[The data — start]

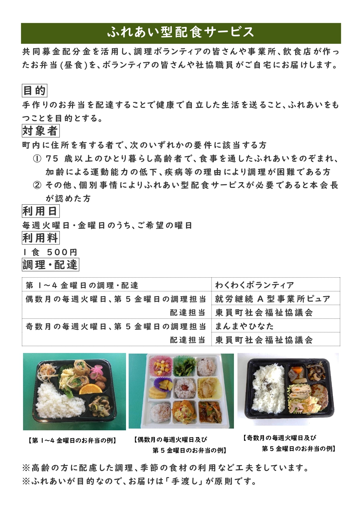 - 毎週火曜日、第5金曜日の配達…東員町社会福祉協議会
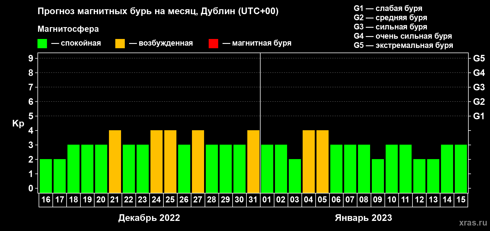 Прогноз магнитных бурь в Дублине — 16 декабря 2022 года
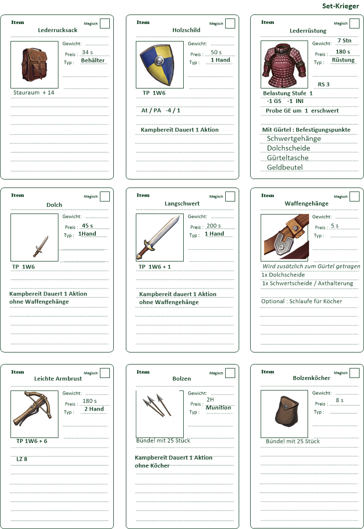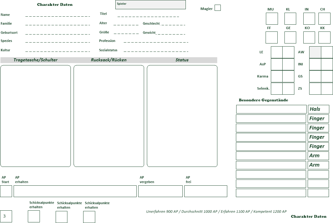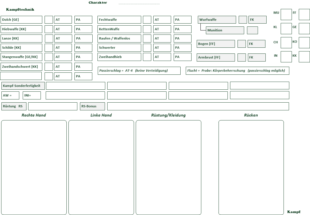 Nun bei Eigenschaften (Attribute), Talenten (Fertigkeiten), Kampfwerte und Geld kann man nicht viel machen außer aufschreiben, erweitern und ablesen.
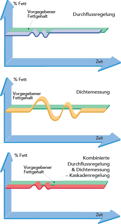 Die Kombination von präzisen Fettgehaltsmessdaten und schnellen Durchflussmesswerten, auch als Kaskadenregelung bezeichnet, bringt, wie Abb. 6.2.36 zeigt, große Vorteile.
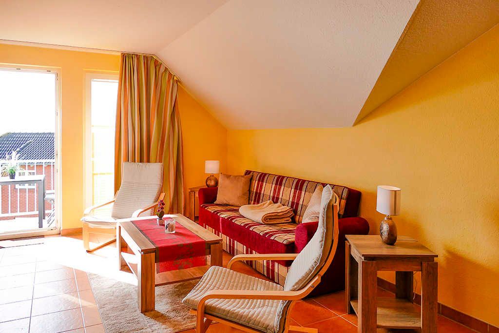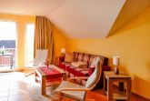 Der Wohnbereich ist mit einer Couch, die auch als Schlaffunktion dient, 2 Sessel, Flachbild- TV und Schreibtisch ausgestattet.

[The data — finish]

▸ **Instructions to follow**
Exactly the lines from the line with "Die Kombination von" through the end of the data are to be reproduced, and no picture is to be included.

▸ **Exercise output**
 Die Kombination von präzisen Fettgehaltsmessdaten und schnellen Durchflussmesswerten, auch als Kaskadenregelung bezeichnet, bringt, wie Abb. 6.2.36 zeigt, große Vorteile.
 Der Wohnbereich ist mit einer Couch, die auch als Schlaffunktion dient, 2 Sessel, Flachbild- TV und Schreibtisch ausgestattet.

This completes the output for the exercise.